East Asia’s Gunslingers

Taiwan’s military claims it has developed a new naval stealth coating. If so, a clash with China may look like the Wild West.

According to Michael Cole of the Taipei Times, the Taiwan military recently announced that it has developed a radar-absorbent ‘stealth’ coating for naval weaponry and has already conducted successful operational tests. Let’s hope so. The Taiwan Navy (ROCN) sorely needs to improve its capacity for ‘sea denial’ as China’s People's Liberation Army (PLA) welds high-end surface combatants, sea-denial assets like missile-armed submarines and fast patrol boats, and shore-based tactical aircraft and missiles into a powerful implement for dominating the seas and skies around the island. A genuinely stealthy fleet of ROCN patrol boats packing large numbers of anti-ship cruise missiles would give Taipei its best chance of withstanding a cross-strait amphibious assault. Design defects hamper the stealth of current Taiwanese boats. Radar-absorbent materials could help the navy overcome these deficiencies.

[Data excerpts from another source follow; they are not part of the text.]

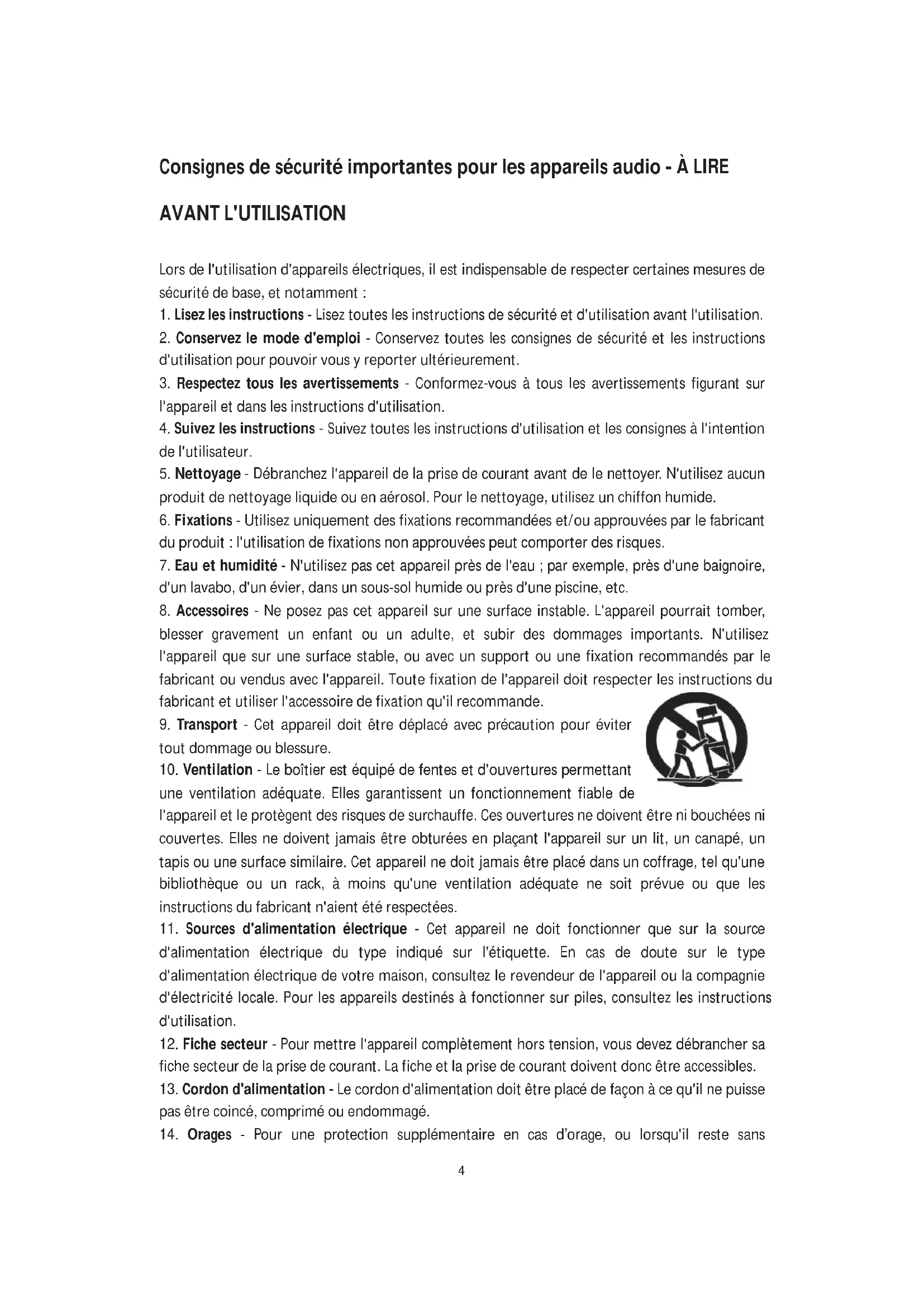 - Transport - Cet apparéil doit être déplace avec précaution pour éviter tout dommage ou blessure.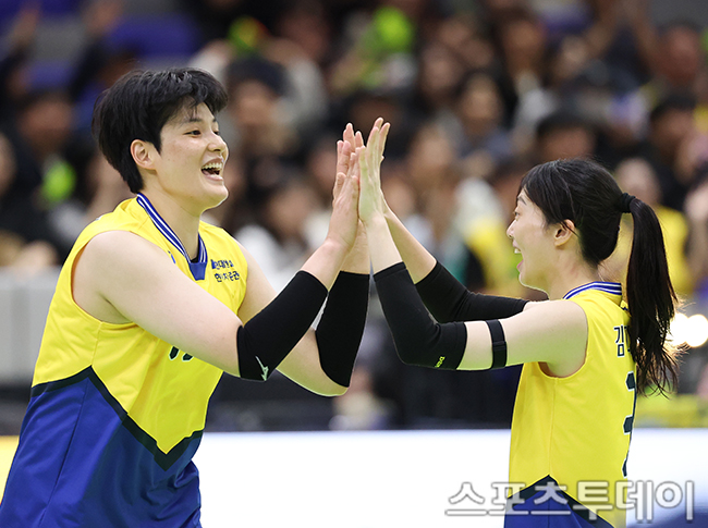 [¼ö¿ø=½ºÆ÷Ã÷Åõµ¥ÀÌ ÆØÇöÁØ ±âÀÚ] 4ÀÏ °æ±âµµ ¼ö¿ø½Ç³»Ã¼À°°ü¿¡¼ ¿¸° V¸®±× ¿©ÀںΠÇö´ë°Ç¼³°ú IBK±â¾÷ÀºÇàÀÇ °æ±â, Çö´ë°Ç¼³ ±èÈñÁøÀÌ ±è´ÙÀΰú ±â»µÇϰí ÀÖ´Ù. 2025.11.04.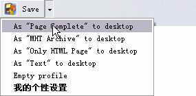 提示:如果经常需要保存不同格式的网页,你可以多设置几个个性保存设置,保存时,只要按下相应的快捷键,或是直接用鼠标选择“Save”按钮中的下拉菜单项中的对应保存设置来达到目的。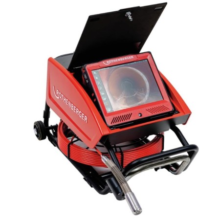 Cámara de inspección Rothenbergar Rocam-4 Plus, cable de 30m, cabezal de 30mm o 40mm, pantalla de 10,4", teclado de inserción de texto, grabación de video y fotos, cabezal autonivelante. Armazón completo integrado.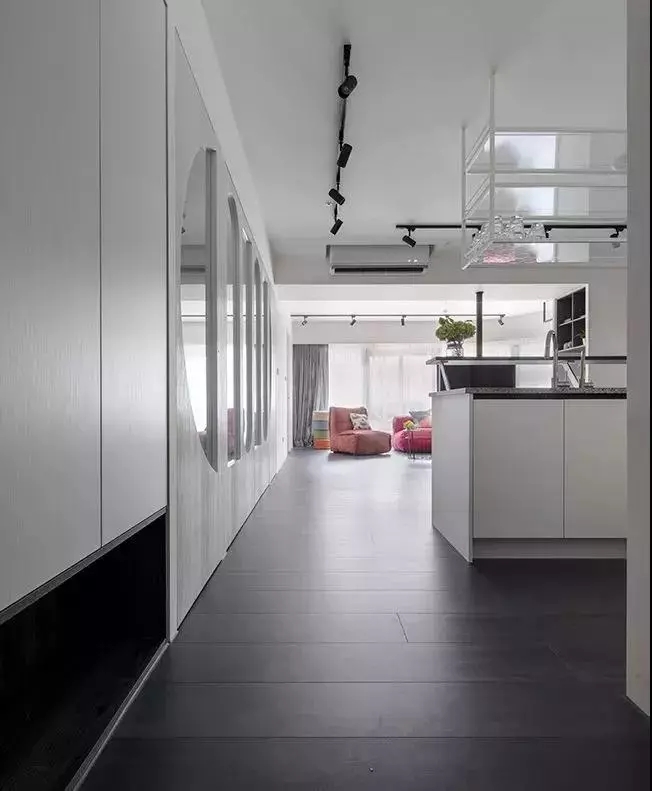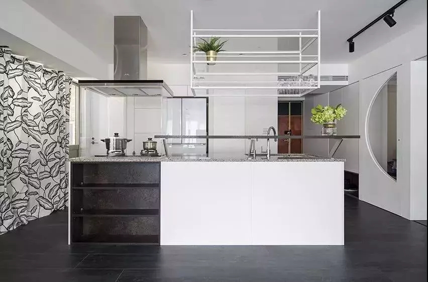 开放式厨房与客厅相互连接,使得空间的延伸感更大。厨房以黑白为主色调,尽显简约大方之感。

Colour me sceptical about Taipei's reports for now. Seldom does new military technology burst into life full-grown, vaulting from the complete secrecy of the laboratory into real-world operational use. New capabilities live up to their hype only after undergoing realistic testing under high-stress combat conditions. Nor can their users tap the full potential of new armaments absent rigorous schooling in doctrine and technical characteristics. Above all, mariners must practice. They can hone their craft in classrooms, simulators, and other venues out of public view – to a point. But these canned environments mimic the real thing only imperfectly. To succeed, in battle or even in routine peacetime endeavours, seafarers must take their ships to sea regularly for extended cruises. In the process, outsiders can glimpse their proficiency and élan. Even the PLA Navy’s mettle remains largely unproven by this standard. Chinese fleets spend too little time at sea.